Three common redundancy methods

  • Parity check- An extra bit (parity bit) is added to the data unit. The parity check can detect only an odd number of errors; it cannot detect an even number of errors. In the two-dimensional parity check, a redundant data unit follows n data units. 
  • Cyclic redundancy check (CRC) - a powerful redundancy checking technique, appends a sequence of redundant bits derived from binary division to the data unit.

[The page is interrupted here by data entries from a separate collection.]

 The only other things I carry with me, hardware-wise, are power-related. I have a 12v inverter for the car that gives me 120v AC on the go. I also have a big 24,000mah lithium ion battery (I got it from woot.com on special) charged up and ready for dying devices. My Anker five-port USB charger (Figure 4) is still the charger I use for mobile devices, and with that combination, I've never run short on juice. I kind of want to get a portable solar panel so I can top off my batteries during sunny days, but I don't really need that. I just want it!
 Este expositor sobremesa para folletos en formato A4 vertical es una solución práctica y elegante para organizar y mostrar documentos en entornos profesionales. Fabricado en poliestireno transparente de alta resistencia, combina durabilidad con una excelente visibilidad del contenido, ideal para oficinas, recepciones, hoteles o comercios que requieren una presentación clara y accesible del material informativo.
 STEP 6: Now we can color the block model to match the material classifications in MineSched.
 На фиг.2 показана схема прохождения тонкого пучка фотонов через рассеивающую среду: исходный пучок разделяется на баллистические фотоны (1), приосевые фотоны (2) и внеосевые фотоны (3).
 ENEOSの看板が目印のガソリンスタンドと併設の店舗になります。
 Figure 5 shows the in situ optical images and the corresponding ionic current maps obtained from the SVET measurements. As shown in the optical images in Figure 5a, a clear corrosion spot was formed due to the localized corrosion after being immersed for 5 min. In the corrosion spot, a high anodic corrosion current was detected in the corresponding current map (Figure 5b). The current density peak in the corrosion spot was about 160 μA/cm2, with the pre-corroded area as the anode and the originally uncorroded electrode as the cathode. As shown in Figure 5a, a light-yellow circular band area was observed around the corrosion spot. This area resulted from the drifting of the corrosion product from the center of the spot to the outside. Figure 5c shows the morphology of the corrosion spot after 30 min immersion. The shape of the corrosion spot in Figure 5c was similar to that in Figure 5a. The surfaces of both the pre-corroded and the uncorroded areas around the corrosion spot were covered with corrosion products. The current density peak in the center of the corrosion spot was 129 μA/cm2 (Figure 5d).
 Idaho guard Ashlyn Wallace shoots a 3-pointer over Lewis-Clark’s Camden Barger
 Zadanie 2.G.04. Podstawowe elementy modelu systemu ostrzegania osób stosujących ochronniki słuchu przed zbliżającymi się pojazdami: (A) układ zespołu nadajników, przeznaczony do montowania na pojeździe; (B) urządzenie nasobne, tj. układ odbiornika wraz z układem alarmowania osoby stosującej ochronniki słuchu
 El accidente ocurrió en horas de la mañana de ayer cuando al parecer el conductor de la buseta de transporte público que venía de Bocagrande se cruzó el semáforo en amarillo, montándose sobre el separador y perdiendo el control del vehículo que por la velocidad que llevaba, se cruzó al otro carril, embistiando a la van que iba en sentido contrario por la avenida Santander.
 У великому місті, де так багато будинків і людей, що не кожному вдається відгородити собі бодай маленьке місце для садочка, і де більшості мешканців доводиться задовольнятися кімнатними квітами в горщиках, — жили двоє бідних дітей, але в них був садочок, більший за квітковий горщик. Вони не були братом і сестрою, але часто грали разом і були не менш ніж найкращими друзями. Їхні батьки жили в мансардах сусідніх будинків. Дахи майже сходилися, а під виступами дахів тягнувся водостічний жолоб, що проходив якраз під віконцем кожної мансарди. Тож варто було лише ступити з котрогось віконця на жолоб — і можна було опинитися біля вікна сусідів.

The divisor in the CRC generator is often represented as an algebraic polynomial. 
  • Checksum -  used in the Internet by several protocols although not at the data link layer.

At least three types of error cannot be detected by the current checksum

  • First, if two data items are swapped during transmission, the sum and the checksum values will not change. 
  • Second, if the value of one data item is increased (intentionally or maliciously) and the value of another one is decreased (intentionally or maliciously) the same amount, the sum and the checksum cannot detect these changes.
  • Third, if one or more data items is changed in such a way that the change is a multiple of 216 − 1, the sum or the checksum cannot detect the changes.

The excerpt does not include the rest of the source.